[Info-vax] OpenVMS in the future, Open sourced or Closed? Intent is to keep it...

Stephen Hoffman seaohveh at hoffmanlabs.invalid
Sat May 2 12:48:24 EDT 2015


On 2015-05-02 14:29:55 +0000, David Froble said:

> People like to throw around names for things.  Sometimes others aren't 
> very clear what the names mean.
> 
> To throw a question back at you, I'll ask, just what do you mean by 
> "open source"?
> 
> 1) Free software?
> 
> 2) Source code available to those who want to make modifications?
> 
> 3) Something else?
> 
> As usual, the devil is in the details.  So perhaps you could expound on 
> the details of what you are asking for?

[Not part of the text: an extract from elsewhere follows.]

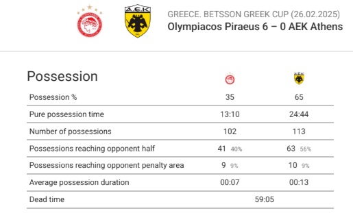 Ένα ακόμα ενδιαφέρον στοιχείο της αναμέτρησης, είναι η ποσοστιαία κατοχή της μπάλας σε συνάρτηση με τις συνολικές κατοχές που είχαν οι δύο ομάδες. Ο Ολυμπιακός είχε 35% κατοχή, έχοντας 102 φορές την μπάλα στα πόδια του, ενώ η ΑΕΚ είχε 65% κατοχή έχοντας σε μόλις 11 παραπάνω φορές την μπάλα στα πόδια της (113). Οι γηπεδούχοι είχαν συνολικά στην κατοχή τους την μπάλα για 13:10, δείχνοντας πόσο άμεσα λειτουργούν, εκτελώντας τις επιθέσεις τους μέσα σε δευτερόλεπτα, ενώ οι φιλοξενούμενοι την είχαν για σχεδόν το διπλάσιο χρόνο (24:44). Το ποδόσφαιρο έχει γίνει πλέον πολύ γρήγορο άθλημα. Επίσης, ο «νεκρός» χρόνος παιχνιδιού ανήλθε στην μία ολόκληρη ώρα (59:05), προϊόντος και του σκορ που ξέφυγε.

Ayup.  Who is going to have the time and skills and servers and build 
environment and the funding to work on the code, too.   Linux started 
out and built a base in another era.

What would attract developers to OpenVMS?

Open-sourcing some software package does not magically instantiate 
herds of programmers ready and willing to work on the code, for that 
matter.

There's a huge pile of people and process and infrastructure required 
before that's even particularly feasible, too.

I'm one of the few folks around that has ported the existing OpenVMS 
build environment to another cluster, and that was a couple of weeks of 
effort to get the code transferred and databases and the rest of the 
baggage relocated and configured and running for just creating partial 
builds — which is what I needed, not full system builds — and I knew 
how the then-current OpenVMS build worked.

The source code and the build are just the tip of the effort involved 
in open-sourcing, too.  A successful project needs bug- and 
change-tracking, source code reviews and tracking, distributed source 
code management, getting legal reviews and open-source reviews and 
individual source code contributor legal sign-offs, documenting the 
build and the testing environments, and a whole host of details.   
Somebody to oversee and coordinate the efforts, too — without peeving 
too many of the potential contributors.  All surmountable, of course.  
None of these will be quick, and this would not be a cheap project.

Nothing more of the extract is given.